WASHINGTON, June 19 (UPI) -- Iran's supreme leader risks appearing weak if he bows to public pressure over the disputed elections, but his resolve may have dire consequences, analysts say.
Iranian President Mahmoud Ahmadinejad claimed victory over his closest rival, former Prime Minister Mir Hossein Mousavi, in a contested June 12 election. Mousavi's supporters took to the streets of Iran in protest of the outcome, saying the voting process amounted to a selection, not an election.
"Political, economic, and social malaise had been brewing for many years and this 'selection' was for many people the last straw," Iran scholar Karim Sadjadpour said in an interview with the Council on Foreign Relations.
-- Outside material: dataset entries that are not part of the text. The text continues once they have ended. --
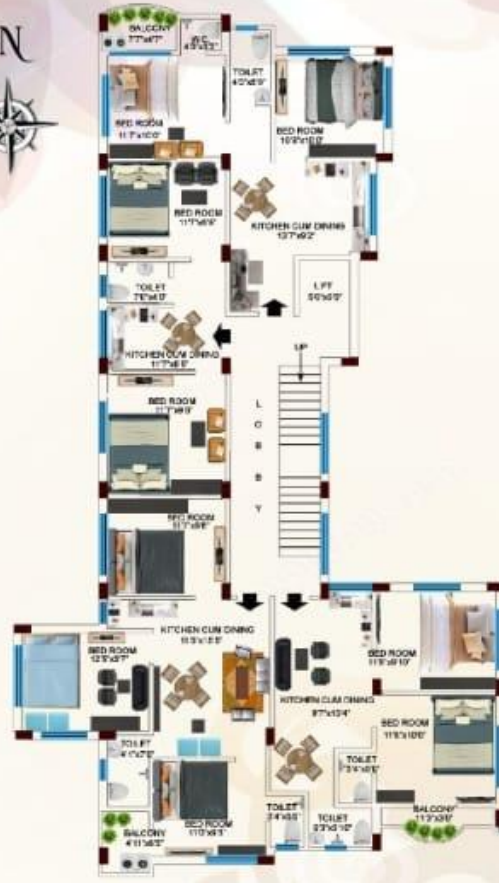
TYPICAL FLOOR & FURNITURE LAYOUT PLAN ( 4TH FLOOR )
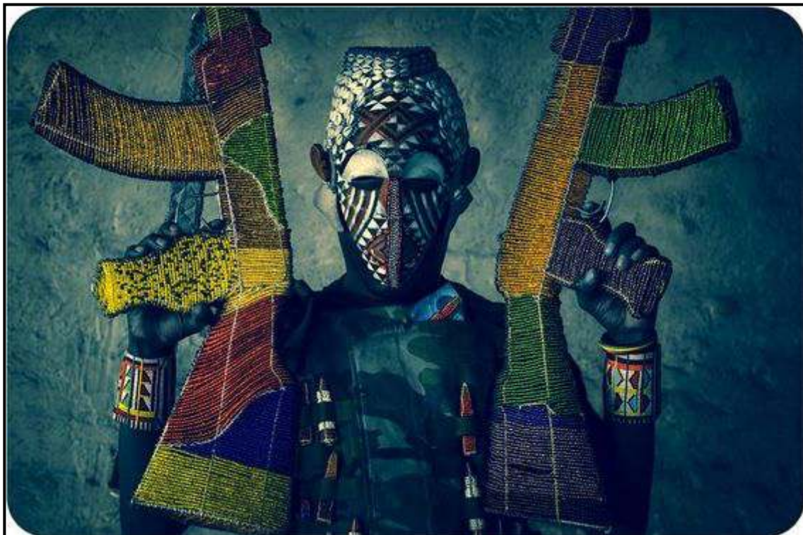
FIGURE 2b: Ralph Ziman, Hondo 'War' (Shona) MUTI Gallery, digital print on Moab Entrada paper, 2013.
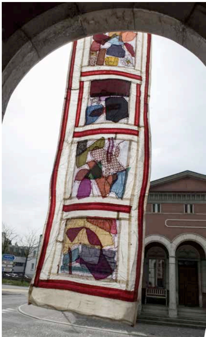
Carpet object / India / 2017 (315 x 75 cm)
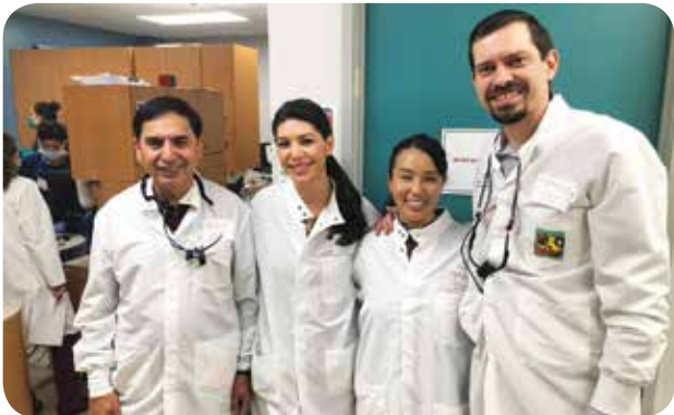
Neighborhood Healthcare Escondido
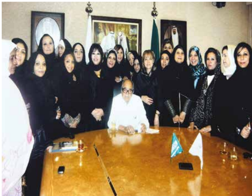
Reception of Sheikh Saleh Kamel Head of the Islamic Chamber of Commerce and Industry for Members Of Arab Women Investors Union
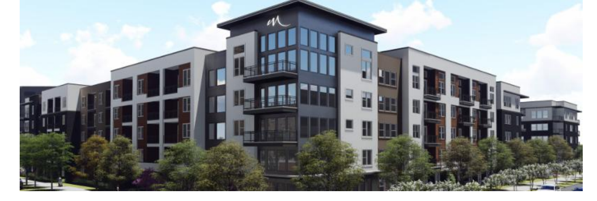
Mill Creek Modera Apartment Rendering
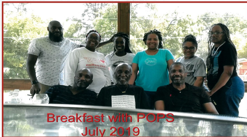
Breakfast with POPS July 2019
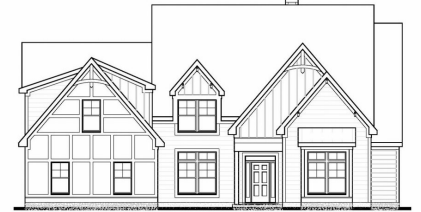
BRYANT A 90

Base Price: $724,900 3,635 sqft 4 Beds 4 Baths
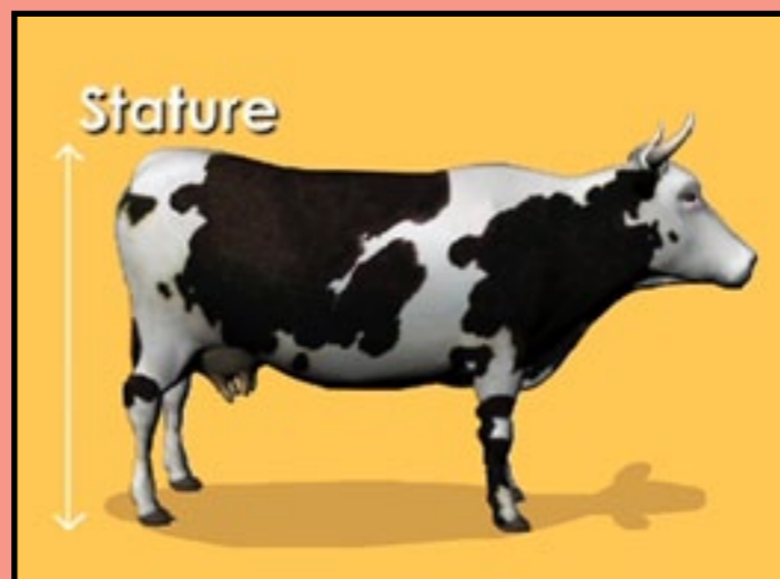
Serve your cow when on heat using a bull with an average stature
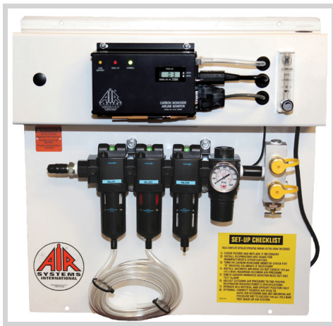
BB30-COPM 30 cfm Steel Panel 48 cfm flow capacity 2 couplings
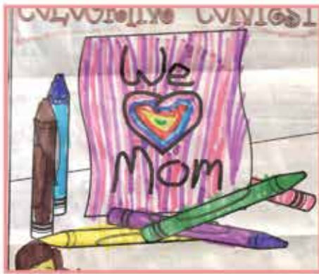
Charlie Age 5
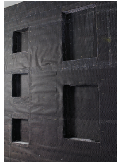
Wall ready for mortar scratch coat.
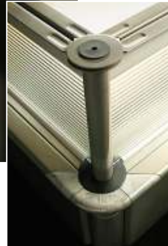
Detail: ribbed glass panels.
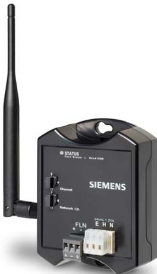
Figure 3. Field Panel Transceiver (FPX).

Once installed and powered, the transceivers automatically form the mesh network, and the WFLN's wireless mesh communication is virtually transparent to the system and end user.
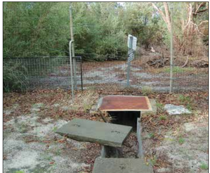
The slab that was removed to allow the copper cable to be drawn through from the connection box on the main building. Note the hole in the fence, since fixed by Peet's contractor.
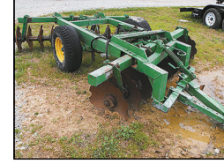
8' Bush Hog brand off set disc $2,000
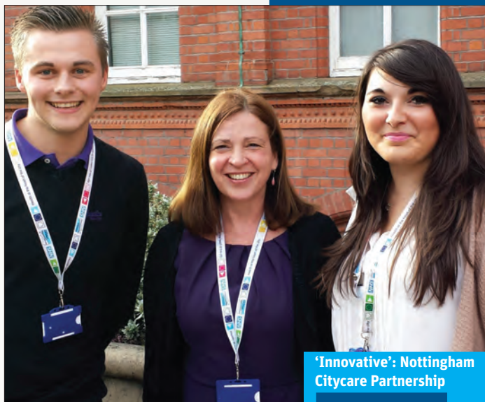
'Innovative': Nottingham Citycare Partnership

Judges' comments Demonstrated a strong case for making a difference in their community. A truly innovative approach to service delivery.
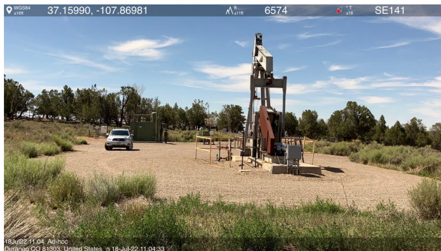
IMG 03 Location overview
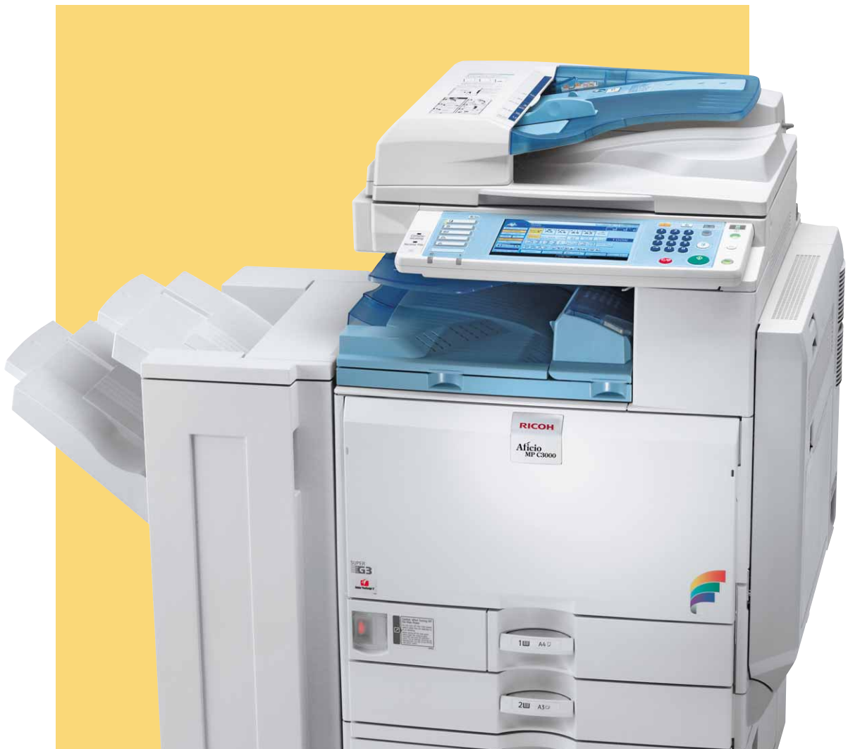
Aficio™ MP C2500/MP C3000

In an unprecedented delivery of the Friday sermon at Tehran University on Friday, Khamenei expressed tacit support for Ahmadinejad while at the same time conceding to an examination of the allegations of fraud.
This, says Sadjadpour, is "classic Khamenei," who can neither risk being labeled an appeaser nor risk upsetting popular support for the principles of the Islamic Revolution.
With talks of another revolution looming in Iran, Sadjadpour, an analyst at the Carnegie Endowment for International Peace, says that assessment may be premature, however.
"People don't have the same naive, utopian dreams that they had in 1979," he said. "They want a system that is representative of the people."